② The eleven-point plan: roadmap or minefield? A source close to the Hungarian government, speaking anonymously, warned that Orbán may have embedded deliberately difficult demands within the plan — what the source described as “hidden landmines.” This hypothesis, unconfirmed at this stage, is worth raising: if certain requirements are structurally impossible for Ukraine to satisfy, the process could stall indefinitely without Budapest being formally at fault. Magyar’s team would be well advised to conduct an internal audit of the plan before treating it as a workable roadmap.
③ The European Council as a hard deadline. António Costa, president of the European Council — the body that brings together the heads of state and government of the EU’s twenty-seven member countries, functioning as the bloc’s top executive summit — has made clear he will only put Ukraine’s accession on the agenda if Hungary’s veto is formally lifted in time. That conditionality creates a narrow window: technical consultations have barely begun, and Europe’s political calendar does not reward diplomatic half-measures.
④ What it means beyond the headlines. Ukraine’s accession to the EU remains a years-long process, but its budgetary implications are already live. Ukraine is the most agriculturally productive country on the continent, and its integration into the EU’s Common Agricultural Policy — which accounts for a considerable share of the EU’s total budget — would trigger a significant redistribution of agricultural subsidies across member states.
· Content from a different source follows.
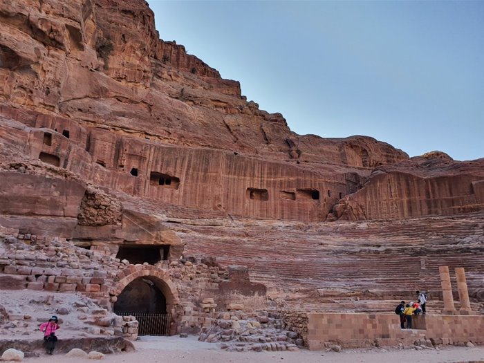 영국의 시인 존 윌리엄 버건이 '영원의 절반만큼 오래된, 장미빛 같은 붉은 도시'라고 노래한 페트라는 나바테아인이 건설한 산악도시입니다. 사막 한가운데에 있는 붉은 사암 덩어리로 이루어진 거대한 바위 틈새에 도시를 건설하여 좁고 깊은 골짜기를 따라 한참을 가면 극장과 온수 목욕탕, 그리고 상수도 시설이 갖추어진 현대 도시 못지않은 도시가 유령처럼 버티고 있습니다. 협소한 통로와 협곡으로 둘러싸인 바위산을 깎아 조성된 페트라의 건물들은 대부분 암벽을 파서 만들어졌습니다.

Unblocking the negotiations is not accession, but it is the first domino.
The Bottom Line
Magyar’s opening is real — but it remains suspended on a central unknown: can Ukraine satisfy Budapest’s demands on minority rights within a politically credible timeframe, while fighting a war and managing a legislative framework on minorities that some observers believe merits closer scrutiny at the European level? And if it succeeds — what remains of the Hungarian veto as a tool of leverage, for Budapest and for those who, until now, may have quietly benefited from it?
Sources: Euronews
Correction, May 19, 2026: An earlier version of this headline stated that Hungary had lifted its veto on Ukraine’s EU accession negotiations. Hungary has signaled openness and named delegations for expert-level consultations; the formal unblock remains conditional on the outcome of the minority-rights track in Transcarpathia.